Problem requirements |
Every record below must come back exactly as written, with the images dropped.

(Records from a data source)
━━━━━━━━━━
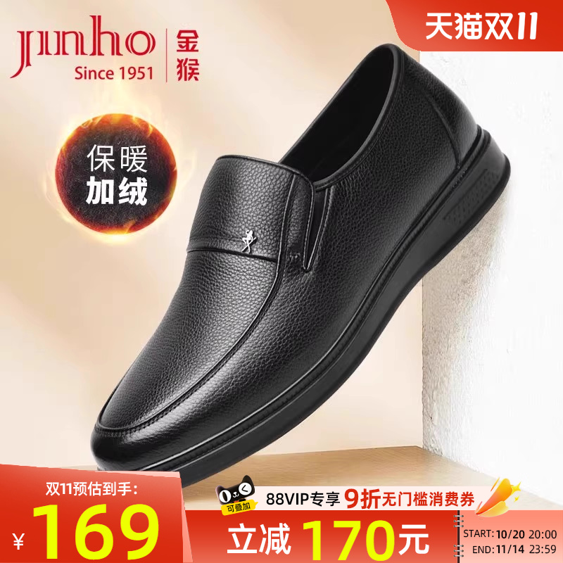 意尔康男鞋冬季男士真皮商务正装皮鞋加绒低帮二棉鞋新郎结婚男式
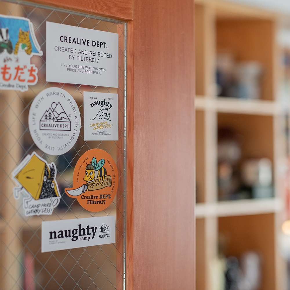 以自然戶外元素作為設計發想,結合雙方品牌及NAUGHTY CAMP支線概念及意象所設計的聯名圖像,利用網版印刷方式呈現於高品質之 PVC 材質貼紙中,與一般貼紙相較更為防水、抗撕、耐用、不殘膠且抗 UV 不易褪色,為INOUT質感生活增添亮眼點綴。
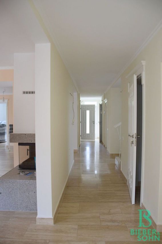 Über die Einfahrt, die genügend Platz für 4 PKWs bereit hält, gelangt man über die schöne Terrasse zum Hauseingang an der Westseite, denn ein weiterer Eingang befindet sich an der Ostseite.
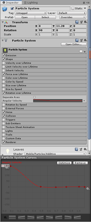 注:1.所需叶子可以按上述写法在制作,然后拖进Particle System 的Renderer中去;
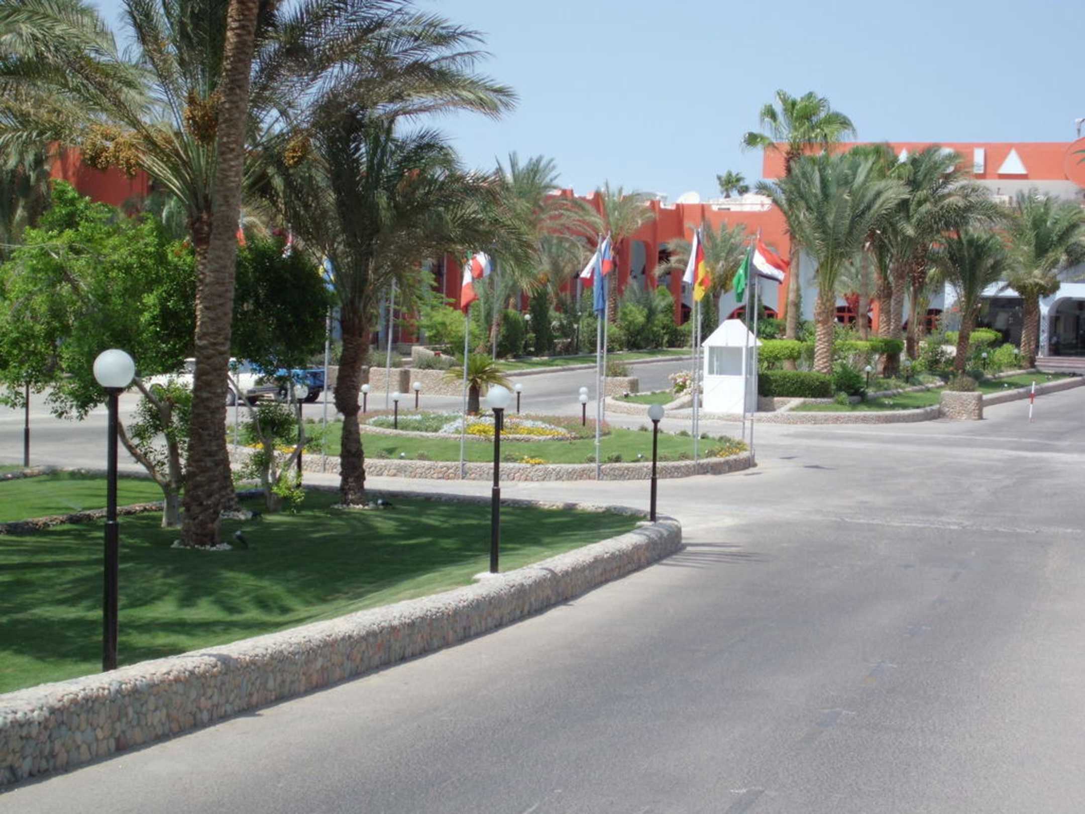 Das Hotel von der Einfahrt aus fotografiert
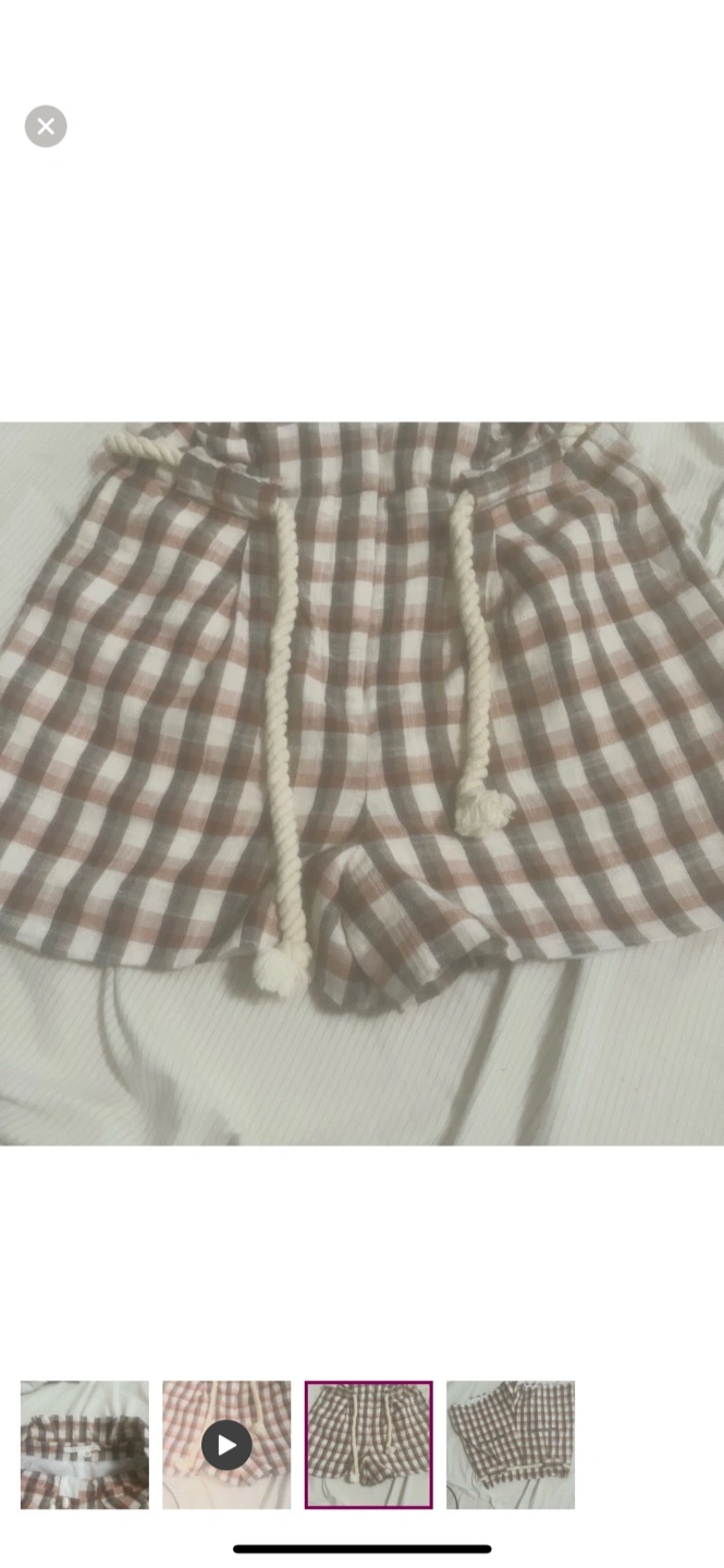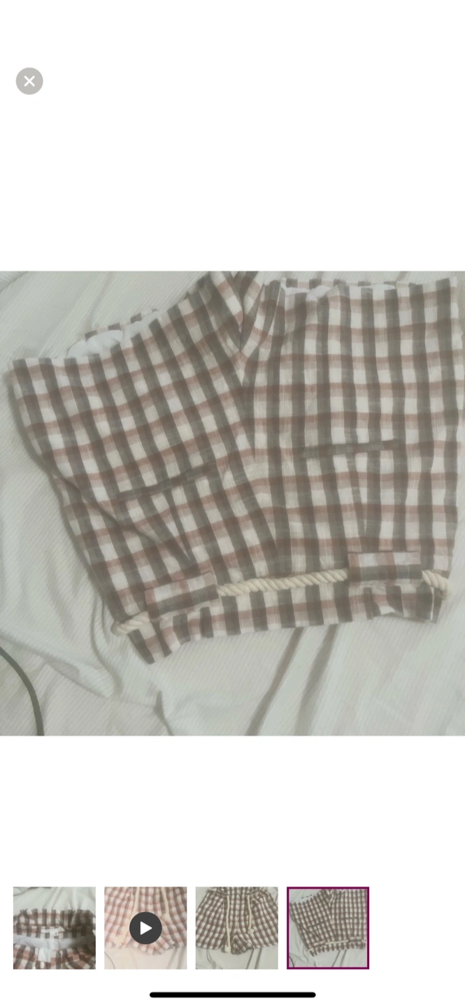 60Plaid shorts with a drawstring and a white lining. The shorts are checkered in shades of brown, pink and white. A lovely item for a relaxed day at home.
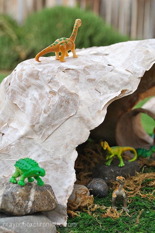 Dinosaur Paper Mache Cave and Small World Play from Crayon Box Chronicles
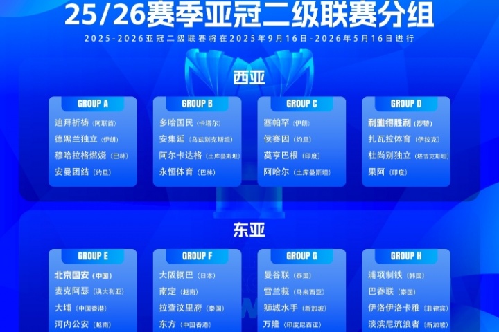 北京国安25/26赛季亚冠二级联赛小组赛赛程:
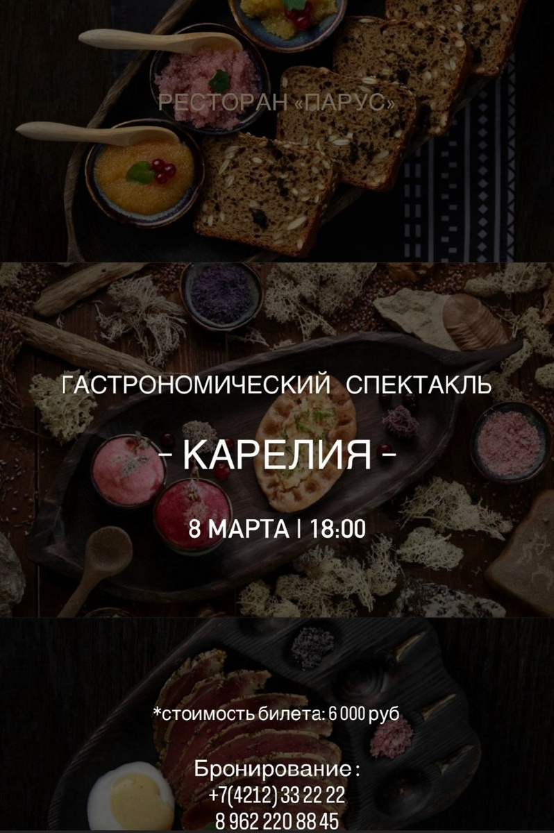 » ✔ Уникальный гастрономический спектакль от Ивана Балина — бренд-шефа музея-ресторана «В Карелии Есть» ✔ Путешествие в Карелию через вкусы локальных продуктов и атмосферные истории края ✔ Авторский гастроужин с фужером игристого ✔ Вечер вкуса, уюта и настоящего праздничного настроения ✔ Количество мест ограничено 📅 Когда: #8_марта, 18:00 ⛳ Где: ресторан «Парус», ул. Шевченко, 5 💳 Стоимость: 6000 руб. 📞 Контакты: +7 (962) 220-88-45 👉 Афиша Хабаровска. Куда сходить, экскурсии
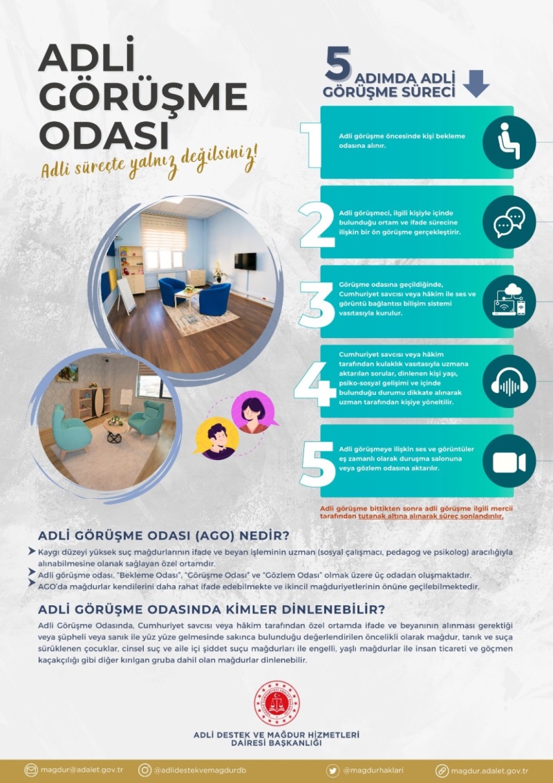 4- Hizmet sunumuna ilişkin standartlar geliştirilerek, vaka yönetiminin uygulandığı, adli görüşme odalarının kullanıldığı etkin bir sistem kurulmuştur. Çocuk ve Aile içi şiddet büroları ile tüm ceza mahkemelerinde uzman desteği sağlanmaktadır.
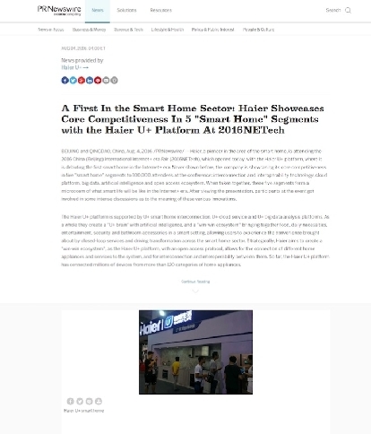 攜五大競爭力閃耀NETech 海爾U+智慧家庭折服外媒
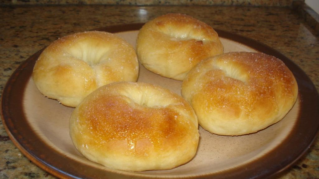 Acrescente aos poucos mais farinha, até a massa desgrudar das mãos e fazer bolhas. Deixe a massa cresce até dobrar de volume (mais ou menos 40 minutos). Depois de crescida, enrole a massa em tiras e faças as rosquinhas. Coleque as rosquinhas em uma fôrma untada e enfarinhada, deixe descansar por maios ou menos 10 minutos e leve ao forno médio até dourar. Depois de pronto, cubra com a calda de açúcar.
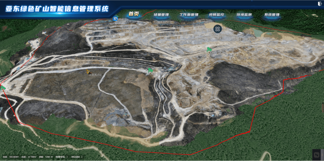 為了精準(zhǔn)開采、綠色開采,亞?wèn)|水泥建成了黃岡亞?wèn)|、江西亞?wèn)|及四川亞?wèn)|礦山三維可視化系統(tǒng)模組,提供礦山可視化展示效果,全方位展示礦山采區(qū)生產(chǎn)信息、復(fù)墾綠化及環(huán)境監(jiān)測(cè)(粉塵、噪音等)等內(nèi)容。三維分析測(cè)量工具可減少生產(chǎn)中的測(cè)量作業(yè)工作,模型高程和水平量測(cè)精度優(yōu)于10cm/像素點(diǎn),可以達(dá)到 1:500 比例尺的精度,提高工作效率。
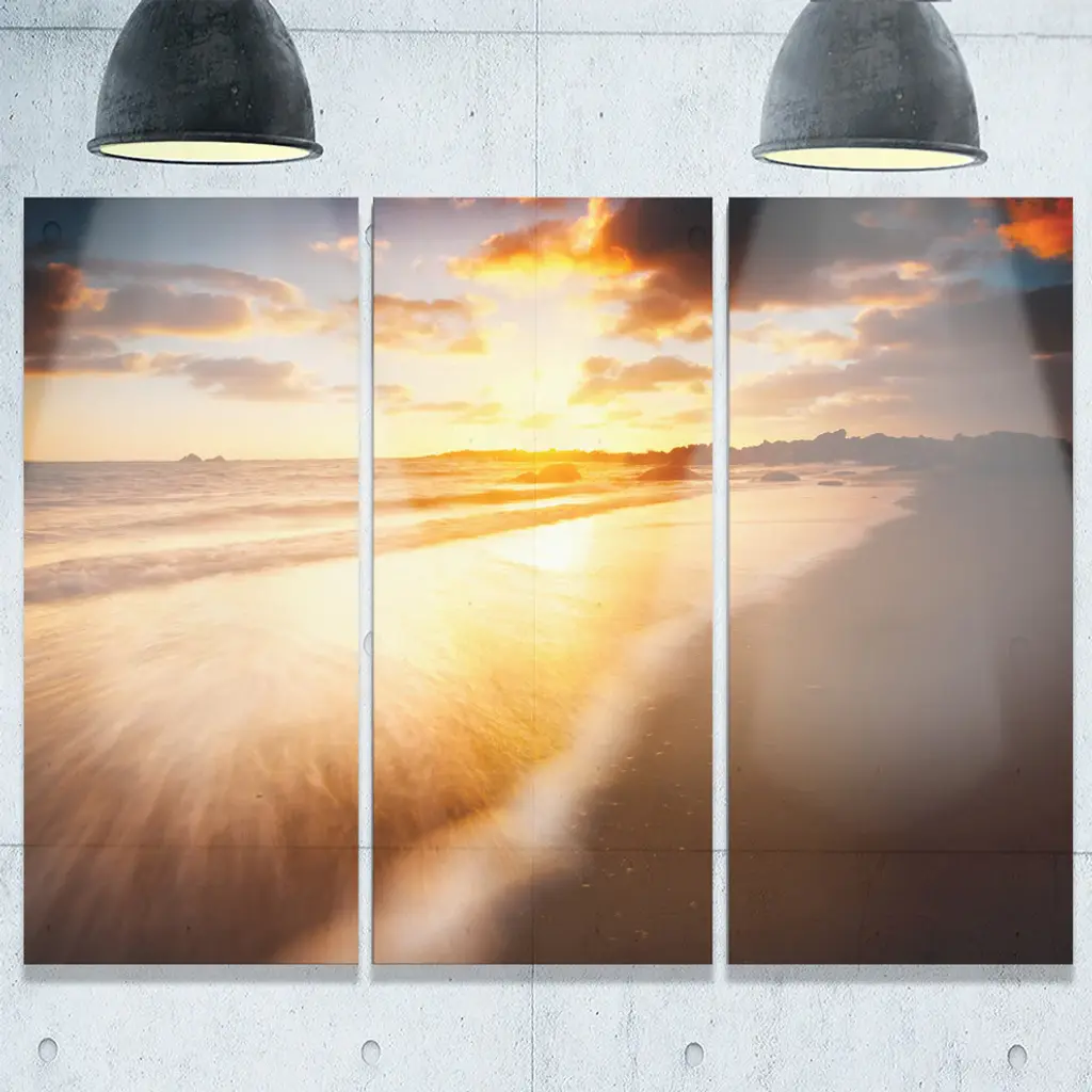 "Amazing Sunrise Over Australian Beach" Metal Wall Art, 3 Panels, 36"x28"
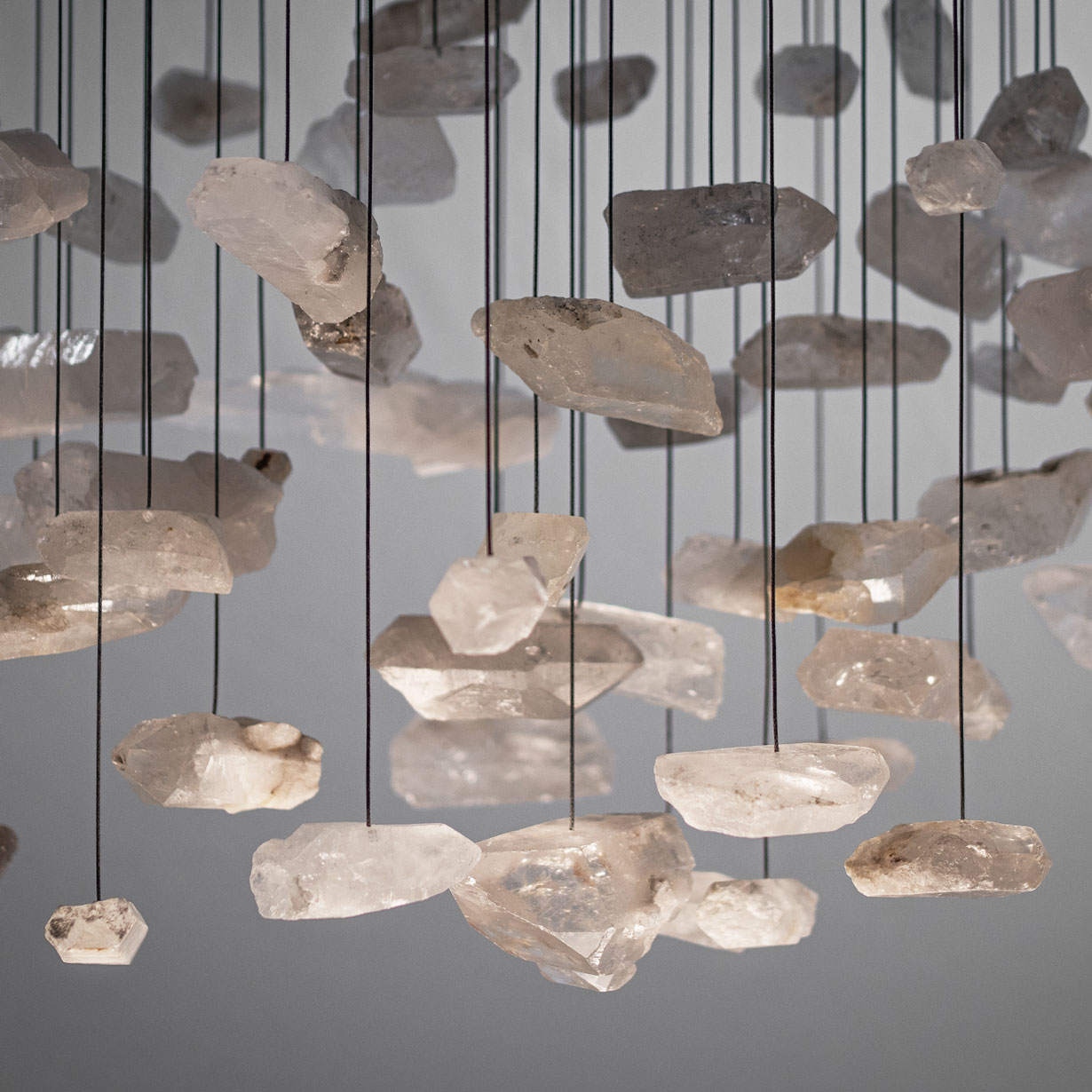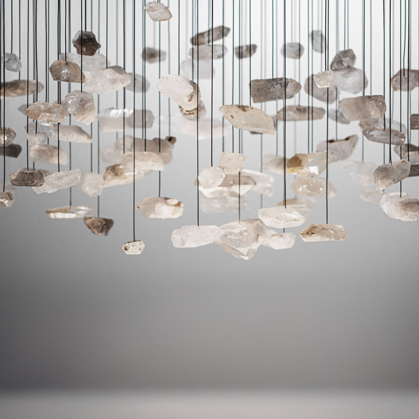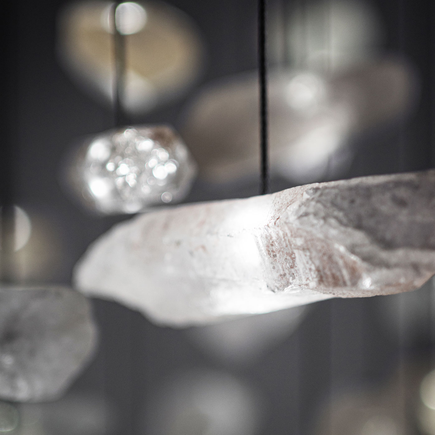 Projektantka Maria Rypuła, dostrzegła w tym surowym kamieniu potencjał i postanowiła przy jego udziale stworzyć produkt, który ma za zadanie ubogacać wnętrza. “Gdy pierwszy raz spojrzałam na surową bryłę tego kamienia, spodobała mi się jego naturalna forma. Nieobrobiona, nieregularna, dzika. Każda różna. Pomyślałam, że jest to produkt interesujący. Jednak w momencie, gdy przyłożyłam do niego światło latarki swojego smartfona, oniemiałam. To było jak kulinarne połączenie dwóch składników. Każde dobre. Jednak dopiero po ich połączeniu otrzymujemy smak wyjątkowo zaskakujący. To samo było z połączeniem światła i kryształu. Sposób w jaki światło przenika przez kryształ górski jest hipnotyzujący. Wiedziałam, że czeka nas niesamowite wyzwanie stworzenia nowoczesnego żyrandola.”
━━━━━━━━━━
Result of the exercise |
 意尔康男鞋冬季男士真皮商务正装皮鞋加绒低帮二棉鞋新郎结婚男式
 以自然戶外元素作為設計發想,結合雙方品牌及NAUGHTY CAMP支線概念及意象所設計的聯名圖像,利用網版印刷方式呈現於高品質之 PVC 材質貼紙中,與一般貼紙相較更為防水、抗撕、耐用、不殘膠且抗 UV 不易褪色,為INOUT質感生活增添亮眼點綴。
 Über die Einfahrt, die genügend Platz für 4 PKWs bereit hält, gelangt man über die schöne Terrasse zum Hauseingang an der Westseite, denn ein weiterer Eingang befindet sich an der Ostseite.
 注:1.所需叶子可以按上述写法在制作,然后拖进Particle System 的Renderer中去;
 Das Hotel von der Einfahrt aus fotografiert
 60Plaid shorts with a drawstring and a white lining. The shorts are checkered in shades of brown, pink and white. A lovely item for a relaxed day at home.
 Dinosaur Paper Mache Cave and Small World Play from Crayon Box Chronicles
 北京国安25/26赛季亚冠二级联赛小组赛赛程:
 » ✔ Уникальный гастрономический спектакль от Ивана Балина — бренд-шефа музея-ресторана «В Карелии Есть» ✔ Путешествие в Карелию через вкусы локальных продуктов и атмосферные истории края ✔ Авторский гастроужин с фужером игристого ✔ Вечер вкуса, уюта и настоящего праздничного настроения ✔ Количество мест ограничено 📅 Когда: #8_марта, 18:00 ⛳ Где: ресторан «Парус», ул. Шевченко, 5 💳 Стоимость: 6000 руб. 📞 Контакты: +7 (962) 220-88-45 👉 Афиша Хабаровска. Куда сходить, экскурсии
 4- Hizmet sunumuna ilişkin standartlar geliştirilerek, vaka yönetiminin uygulandığı, adli görüşme odalarının kullanıldığı etkin bir sistem kurulmuştur. Çocuk ve Aile içi şiddet büroları ile tüm ceza mahkemelerinde uzman desteği sağlanmaktadır.
 攜五大競爭力閃耀NETech 海爾U+智慧家庭折服外媒
 Acrescente aos poucos mais farinha, até a massa desgrudar das mãos e fazer bolhas. Deixe a massa cresce até dobrar de volume (mais ou menos 40 minutos). Depois de crescida, enrole a massa em tiras e faças as rosquinhas. Coleque as rosquinhas em uma fôrma untada e enfarinhada, deixe descansar por maios ou menos 10 minutos e leve ao forno médio até dourar. Depois de pronto, cubra com a calda de açúcar.
 為了精準(zhǔn)開采、綠色開采,亞?wèn)|水泥建成了黃岡亞?wèn)|、江西亞?wèn)|及四川亞?wèn)|礦山三維可視化系統(tǒng)模組,提供礦山可視化展示效果,全方位展示礦山采區(qū)生產(chǎn)信息、復(fù)墾綠化及環(huán)境監(jiān)測(cè)(粉塵、噪音等)等內(nèi)容。三維分析測(cè)量工具可減少生產(chǎn)中的測(cè)量作業(yè)工作,模型高程和水平量測(cè)精度優(yōu)于10cm/像素點(diǎn),可以達(dá)到 1:500 比例尺的精度,提高工作效率。
 "Amazing Sunrise Over Australian Beach" Metal Wall Art, 3 Panels, 36"x28"
 Projektantka Maria Rypuła, dostrzegła w tym surowym kamieniu potencjał i postanowiła przy jego udziale stworzyć produkt, który ma za zadanie ubogacać wnętrza. “Gdy pierwszy raz spojrzałam na surową bryłę tego kamienia, spodobała mi się jego naturalna forma. Nieobrobiona, nieregularna, dzika. Każda różna. Pomyślałam, że jest to produkt interesujący. Jednak w momencie, gdy przyłożyłam do niego światło latarki swojego smartfona, oniemiałam. To było jak kulinarne połączenie dwóch składników. Każde dobre. Jednak dopiero po ich połączeniu otrzymujemy smak wyjątkowo zaskakujący. To samo było z połączeniem światła i kryształu. Sposób w jaki światło przenika przez kryształ górski jest hipnotyzujący. Wiedziałam, że czeka nas niesamowite wyzwanie stworzenia nowoczesnego żyrandola.”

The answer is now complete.